Mustang tackles this head-on, exposing the cruel lengths certain male-dominated societies go to to preserve the “chastity” of the female gender. (Seriously, you haven’t experienced sexism until you’ve had your in-laws banging on the door of your honeymoon suite demanding bloody sheets as proof of your virginity. Ew. Just ew.)

Following their scandalous escapade on the beach, the girls’ house is transformed into “a wife factory.” They’re grounded, of course. They’re relegated to shapeless, sexless dresses as well. And their grandmother sets up a bootcamp, teaching them how to cook and clean for their future husbands, because … well, what else is a girl good for? But burgeoning teenage sexuality comes despite the fervent wishes and best efforts of the adults around them. Free will bubbles to the surface, hormones arrive like clockwork and teenage rebellion rears its shaggy head, no matter the country or religious surroundings.
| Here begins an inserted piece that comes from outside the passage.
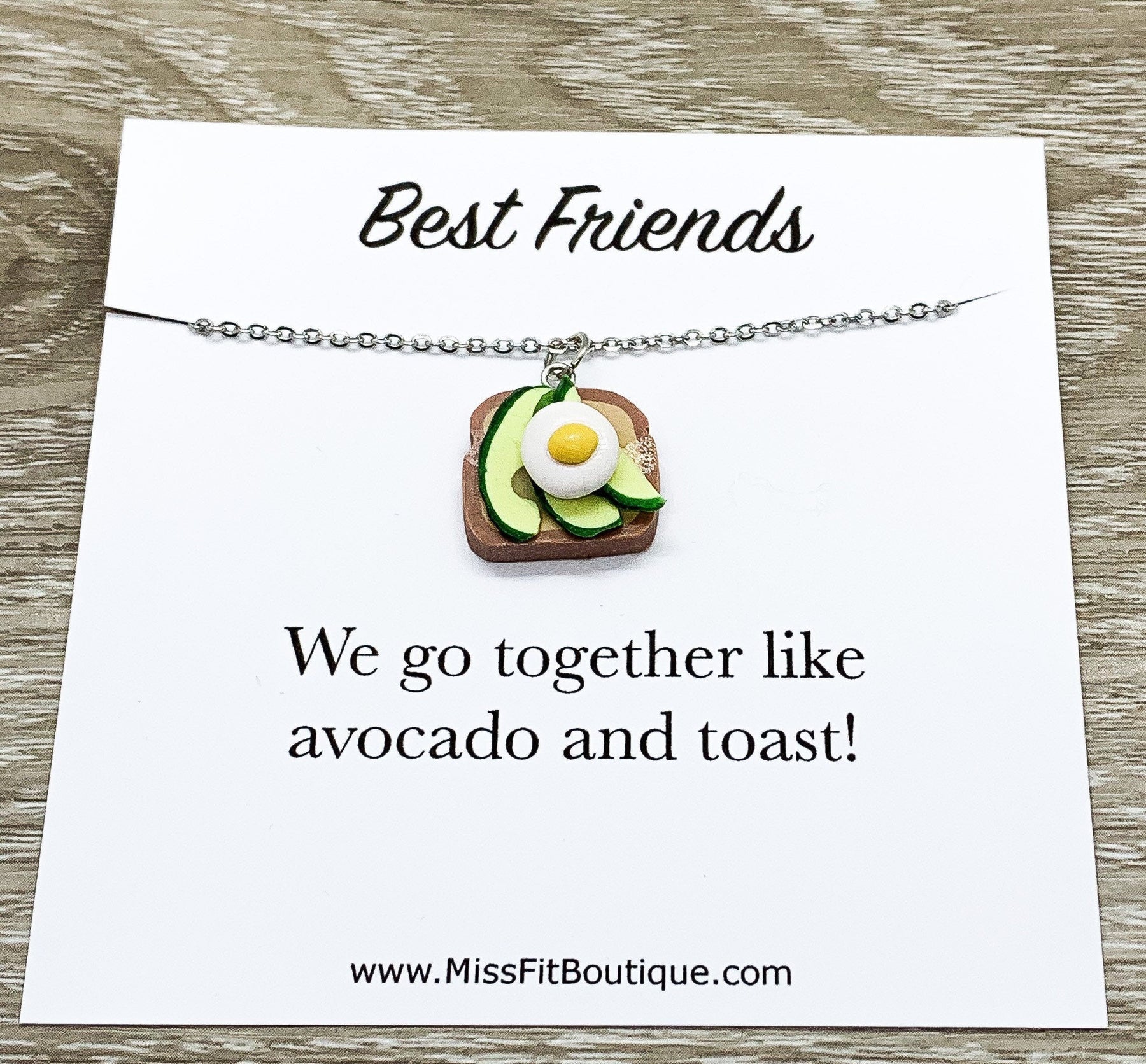 Tiny Avocado Toast Charm Necklace, Go Together Like Avocado & Toast Card, Miniature Food Necklace, Friendship Gift, Cute Friends Birthday

One day, weary of their segregation, the girls sneak out of the house to watch a soccer match. Ergüven stages the sequence as a giddy celebration of freedom—but it’s a short-lived sensation for the girls. When they return home, things only ratchet up for them. Metal bars are put up on all the windows, doors are locked and the five siblings find themselves in a prison far more literal than figurative. After that, the only thing left to do is start dealing the sisters out to potential local grooms like cards at a blackjack table.

This chain of hasty, arranged marriages threatens to break the one strength these girls have—the unity of their sisterhood. The film rarely chooses to differentiate the personalities of the sisters, but that’s to the advantage of the tale at hand. They are like a single, amorphous entity, barely capable of sustaining itself as its limbs are separated. The story is told, ultimately, from the perspective of the youngest of the sisters, Lale (Günes Sensoy). Well under the age of puberty, she’s years away from marriage and can only watch and wait as her sisters get picked off, one by one, like characters in an ’80s slasher film.

The five lead actresses have a natural, easy chemistry. Much credit goes to Ergüven, who captures them in a string of seemingly unguarded moments, simply trying to live their lives as kids despite the deprivations being heaped upon them. They are, by turns, restless, rambunctious, angry, playful, rebellious and unfazed by all that’s going on around them. The filmmaker even allows a few quick lightening flashes of black humor to punctuate the film, giving it some welcome moments of levity.

Like Coppola before her, Ergüven is a young, female director—and she seems uniquely suited to spin this exotic, coming-of-age yarn. She does so not by denying the sexuality, curiosity and desires of her underage characters, but by acknowledging them in a simple, honest way. The male take on budding female sexuality tends to be of the calculating, Lolita-ish variety. The female take on the same looks far more natural, an unavoidable organic outgrowth of chemistry and physiology. It is, in a word, quite innocent—at least until grown-ups start messing around with it, trying to stamp it out, contain it, commodify it or otherwise “adulterate” it.

Mustang may lack the ethereal poetry of The Virgin Suicides (in both book and movie form), but it’s a much more direct and emotional film. It both typifies and transcends a certain culture, prevalent around the world (and not just in the Middle East, either). Within this talking point Ergüven has created an engaging and occasionally playful drama about perceived transgressions, patriarchal repressions and the undeniable spirit of youth.